The state-of-the art vessel tasked with finding missing Malaysia Airlines flight 370 mysteriously switched off its Automatic Identification System (AIS) for more than three days, sending some observers into meltdown.
Seabed Constructor's AIS was disabled on January 31 — exactly 10 days into the new search — and not reconnected until last night, leaving approximately 80 hours unnaccounted for.
Amateur aviation specialists and MH370 watchers have been charting Constructor's progress since it left Port of Durban on January 2 for the new search area, located just outside the previous 120sq km previously scoured along the 7th Arc.
The vessel has been contracted by Texas-based exploration company Ocean Infinity, which signed a "no cure, no pay" deal with the Malaysian Government which will see it receive more than $76 million if it finds the plane within 90 days.
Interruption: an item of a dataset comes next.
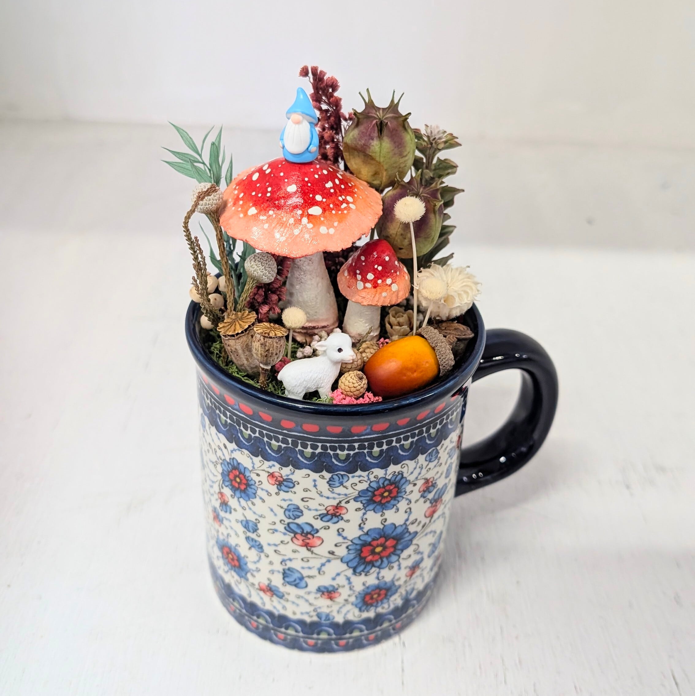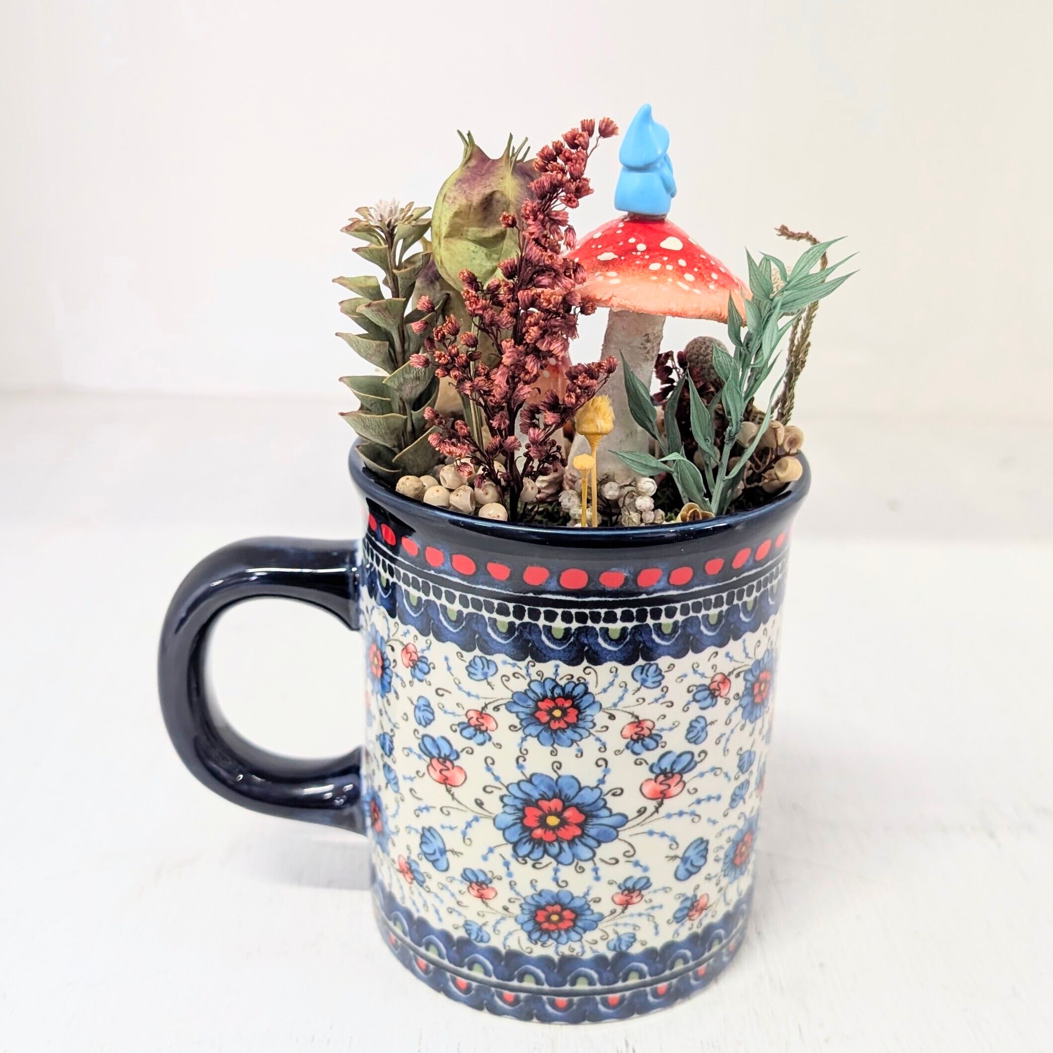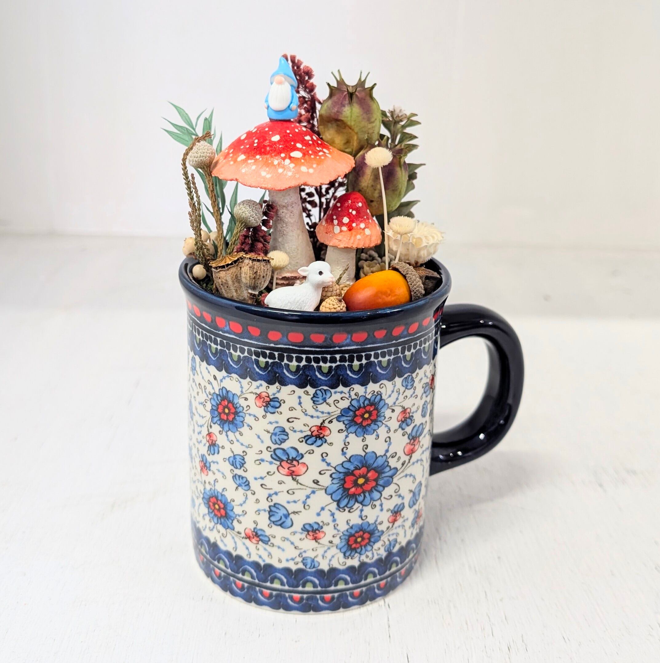 物語に出てくるノームの住む森をイメージしたマグカップのインテリア、一点物となっております。

But unlike its predecessors Fugro Equator, Fugro Discovery and Havila Harmony, whose progress was meticulously mapped via satellite by investigators, both amateur and professional, at their own expense, following the Constructor has proved more challenging.
It reached the new search on January 21 and trusted observers such as UK-based space scientist Richard Cole and US-based precision machinist Kevin Rupp were able to post regular maps to followers on Twitter, Facebook and Reddit.
But that changed last Wednesday when Constructor "went dark", sending everyone into a spin.
#MH370 Morning Update - Nothing new. Seabed Constructor is now over 15 hours without updating her AIS position. I will post as soon as anything changes
"I think that the AIS transmission from Constructor has been disabled. The question is whether this is finger-trouble by someone adjusting the AIS system settings ahead of departing for Fremantle, or deliberate action." Mr Cole posted in a subreddit dedicated to Seabed Constructor position updates.
Comparisons have also been made with the missing plane itself, which vanished from radar after its aircraft communications, addressing and reporting system (Acars) system was switched off less than an hour after taking off from Kuala Lumpur on March 8 2014.
The irony was not lost among MH370 watchers online, with one Reddit user commenting: "Rogue captain?" and another responding "If it starts pinging in the Malacca Strait that would be something."
As predicted some observers used the blackout as an opportunity to back more outlandish theories about Ocean Infinity's "back up plan" should they fail to find the missing Boeing 777.
Some speculated the Constructor took a secret detour to check out the wreckage of what is believed to be the S.V Inca, a Peruvian-built transport ship that vanished en route to Sydney more than 100 years ago.
In January 2016, MH370 search vessel Havila Harmony stumbled across the shipwreck almost four kilometres below the surface inside the 7th Arc, initially mistaking it for the plane's fuselage.
S.V Inca was last seen on March 10, 1911 when it set sail from Callao, Peru bound for Sydney. There has been speculation about what cargo the vessel may have been carrying and inevitable chatter about sunken treasure.
Last night Seabed Constructor turned its AIS back on and is currently making its way to Perth in Western Australia, where she is scheduled to dock at Fremantle on February 8.
Ocean Infinity is expected to given another update on the progress of the search late this week but it's anyone's guess if it will explain why it disabled its tracking system for such a long period of time.
#MH370 My morning update. Seabed Constructor is back on AIS and on her way to Fremantle. She is due in on the 8th and is scheduled for AusMarine Complex 4. Kind of a bummer, I had hoped to see her on the harbor webcams. pic.twitter.com/7gbnQ4NrNS
Aviation journalist and documentary maker Jeff Wise has been critical of the new search in his blog, which has followed the mystery of MH370 since in vanished en route to Beijing from Kuala Lumpur on March 8, 2014 with 239 people on board.
Mr Wise was an original member of the independent Group (IG) of investigators who advised the Australian Transport Safety Bureau (ATSB) led search for MH370 but left after falling out with other members over the plane's fate.
"Before the release of this new report, Malaysia hadn't signalled that it would be issuing updates on the search progress, let alone regular weekly ones, so its appearance is a welcome development," Mr Wise wrote in response to the report last week.
"The report notes that first section of the search, namely the outermost portion of the Primary Search Area, has been completed without finding any wreckage. This section had previously been identified by Australian scientists as the most likely endpoint for MH370's flight.
"As I write this, the scan of the innermost section of the Primary Search Area has been completed, but the assessment has not yet been released. However, the fact that Seabed Constructor has moved on to another area suggests that probably nothing was found there, either. A big caveat: we don't really know how long it takes the search team to assess the data collected during each pass.
"A failure to find any wreckage in the Primary Search Area would come as a disappointment to David Griffin and his team at Australia's CSIRO, who declared in a June, 2017 report that after analysing satellite imagery and drift patterns "we think it is possible to identify a most-likely location of the aircraft, with unprecedented precision and certainty." The report specified three target points, all located within the Primary Search Area."
Seabed Constructor is expected to dock in Freemantle to refuel and top up supplies before returning to the search area.